Transliteration: Background & Approaches
Transliteration simply means conversion of a text from one script to another. Machine transliteration is the computer automated process of transcribing a character or word from one language script to another. Machine transliteration can play an important role in natural language application such as information retrieval and machine translation, especially for handling proper nouns and technical terms, cross-language applications, data mining and information retrieval system.
A thorough description of the project goals can be seen in the original proposal submitted to GSoC 2016. Here I will briefly list down our contribution towards machine transliteration module of Libindic.
- Indic to Indic Script Transliteration
- Indic to Roman Transliteration
A rule-based transliteration system uses character mappings defined between two scripts. There are five types of character mappings possible between two natural language scripts: One-to-One, One-to-Many, Many-to-One, One-to-None and None-to-One. A simple One-to-One character mapping would lead to a more accurate and easy to develop system. However, natural languages are inherently ambiguous. There are many cases of ambiguity in orthographic representation of languages world over.
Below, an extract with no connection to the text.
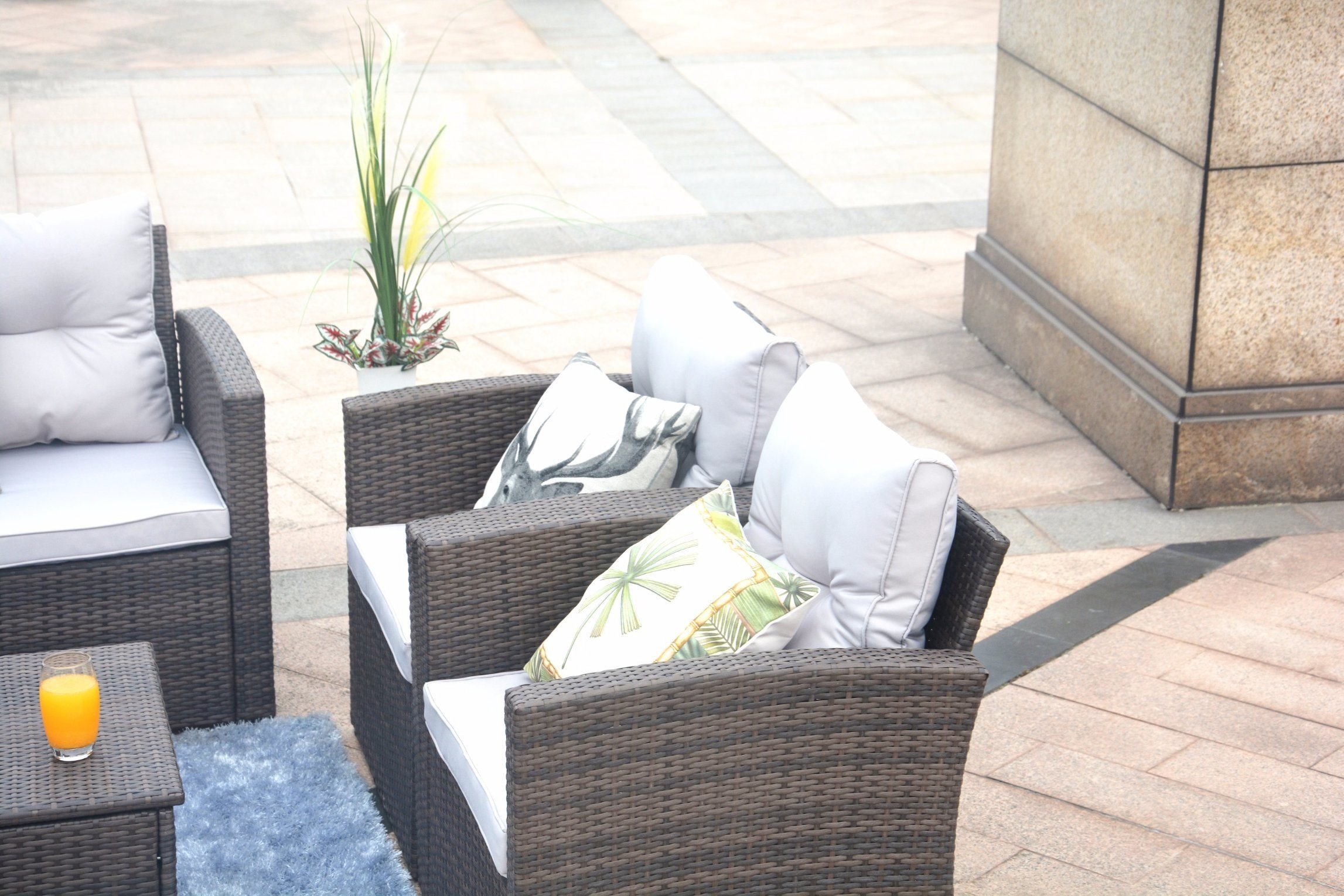 3.This Contemporary Outdoor Sectional Sofa Comes With 2.6-Inch Thick Lofty Sponge Padded Seat Cushions and Back Cushions, Wide and Deep Set Will Provide Enough Room to Seat 7 Friends Comfortably.

Distribution of different types of character mappings is not generally uniform, though. The distribution is usually skewed; unambiguous characters occur more often then their ambiguous counterparts. Nonetheless, to resolve the ambiguous mappings, heuristics are designed which take the surrounding context of an ambiguous letter into consideration.
- Rule-based transliteration systems between Indic scripts is essentially trivial. Indic scripts have a special property that their phonemes are one-to-one aligned between their Unicode tables. It essentially means that the transliteration between any two Indic scripts can be achieved by merely using their unicode tables.
- Rule-based systems do not require any kind of training data to develop the system.
- Requires domain expertise: To develop a rule-based system between two natural language scripts a domain expert is required.
- Missing phonemes in Indic scripts: The major concern with rule-based system for Indic-to-Indic transliteration is the missing phonemes in Indic scripts. For example, in Tamil there are no characters for d, dh, b, bh etc. d is pronounced as t, dh as th, b and bh are pronounced as p. Similarly, in Bengali there is no character for v, it is pronounced as b.
- Ambiguous Character Mappings: Another major issue with rule-based system for is ambiguous character mappings between two natural language scripts. For example, Tamil has the following ambiguous characters:
Character Mapping k k, kh, g, gh, h c c, ch, j, jh, s t t, th, d, dh T T, Th, D, Dh p p, ph, b, bh
Arthur Samuel defined machine learning as a “Field of study that gives computers the ability to learn without being explicitly programmed”. ML is a method of teaching computers to make and improve predictions or behaviors based on some training data. In case of transliteration, the training data are the transliteration pairs between the language scripts to be transliterated.
- A major benefit with transliteration system is that one is not required to be a domain expert of all the languages.
- ML systems are compact, more generic and less hectic to develop than the rule-based ones.
- A strong list of transliteration pairs is required to train the model. However, such lists are not readily available and are expensive to create manually.
- Selection of proper ML technique, data representation for training the models are some minor challenges.